# Work required:
Return, with both end lines included, exactly what the data below holds from the line with "九巴更為同事安排驗身講座，設" through the line with "Asistentes a la", though not the pictures.

---------- Excerpted data ----------

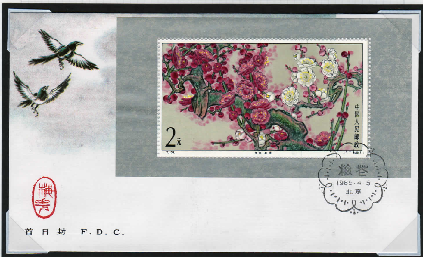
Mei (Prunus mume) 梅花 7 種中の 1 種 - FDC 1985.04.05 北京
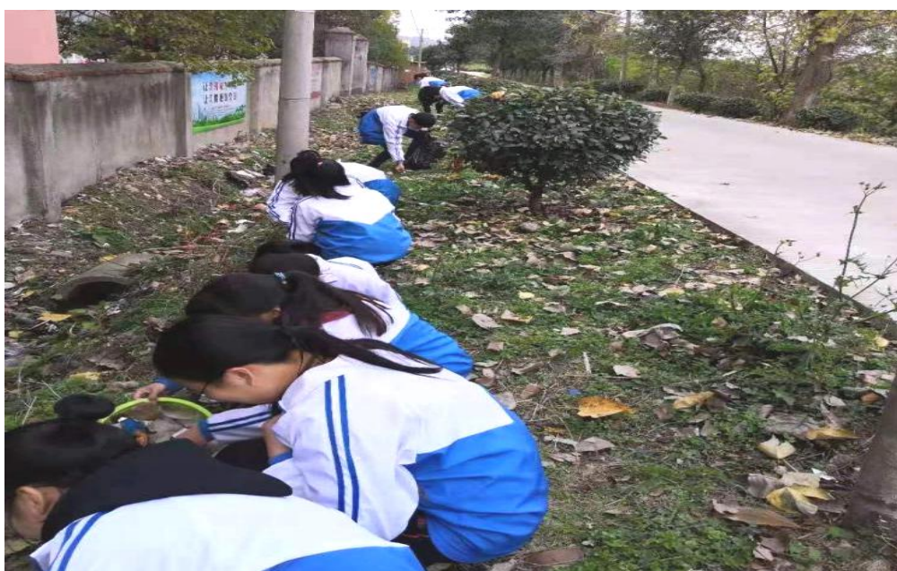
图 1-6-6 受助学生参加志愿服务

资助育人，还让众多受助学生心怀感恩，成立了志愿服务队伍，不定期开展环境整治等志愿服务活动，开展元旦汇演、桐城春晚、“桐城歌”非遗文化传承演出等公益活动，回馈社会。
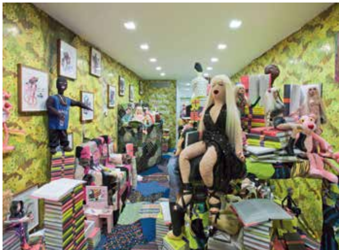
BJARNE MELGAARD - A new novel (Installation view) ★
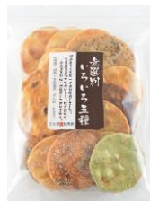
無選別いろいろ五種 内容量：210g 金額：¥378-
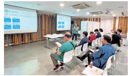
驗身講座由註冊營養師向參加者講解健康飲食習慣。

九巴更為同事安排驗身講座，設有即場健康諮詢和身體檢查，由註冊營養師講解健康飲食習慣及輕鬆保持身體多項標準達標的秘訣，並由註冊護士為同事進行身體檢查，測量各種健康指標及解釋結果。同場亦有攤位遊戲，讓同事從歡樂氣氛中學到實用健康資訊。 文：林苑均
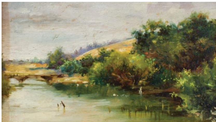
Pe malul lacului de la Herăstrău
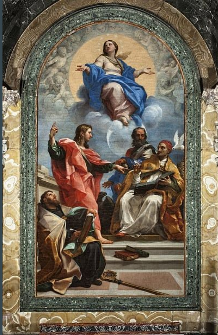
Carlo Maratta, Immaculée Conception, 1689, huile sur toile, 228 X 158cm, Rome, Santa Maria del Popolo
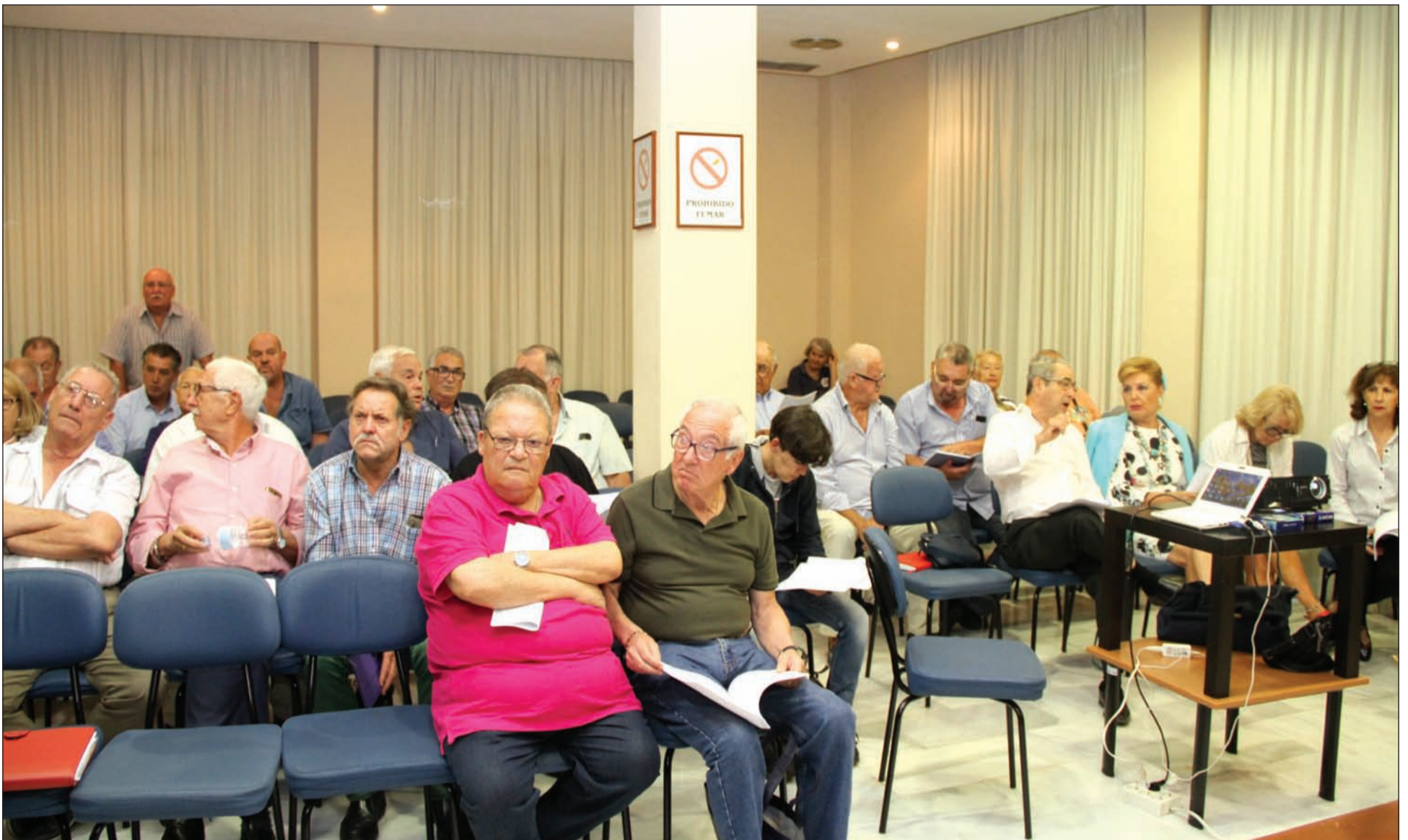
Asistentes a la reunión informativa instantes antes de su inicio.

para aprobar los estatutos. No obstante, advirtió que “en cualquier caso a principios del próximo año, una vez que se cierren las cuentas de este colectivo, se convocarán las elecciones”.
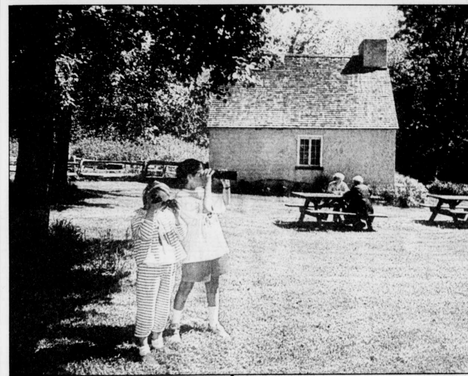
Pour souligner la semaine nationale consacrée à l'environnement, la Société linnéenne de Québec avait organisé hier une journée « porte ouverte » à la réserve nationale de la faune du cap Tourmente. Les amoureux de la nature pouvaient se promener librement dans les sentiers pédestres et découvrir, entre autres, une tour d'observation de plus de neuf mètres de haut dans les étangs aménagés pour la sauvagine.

----------

# Written answer:
九巴更為同事安排驗身講座，設有即場健康諮詢和身體檢查，由註冊營養師講解健康飲食習慣及輕鬆保持身體多項標準達標的秘訣，並由註冊護士為同事進行身體檢查，測量各種健康指標及解釋結果。同場亦有攤位遊戲，讓同事從歡樂氣氛中學到實用健康資訊。 文：林苑均
Pe malul lacului de la Herăstrău
Carlo Maratta, Immaculée Conception, 1689, huile sur toile, 228 X 158cm, Rome, Santa Maria del Popolo
Asistentes a la reunión informativa instantes antes de su inicio.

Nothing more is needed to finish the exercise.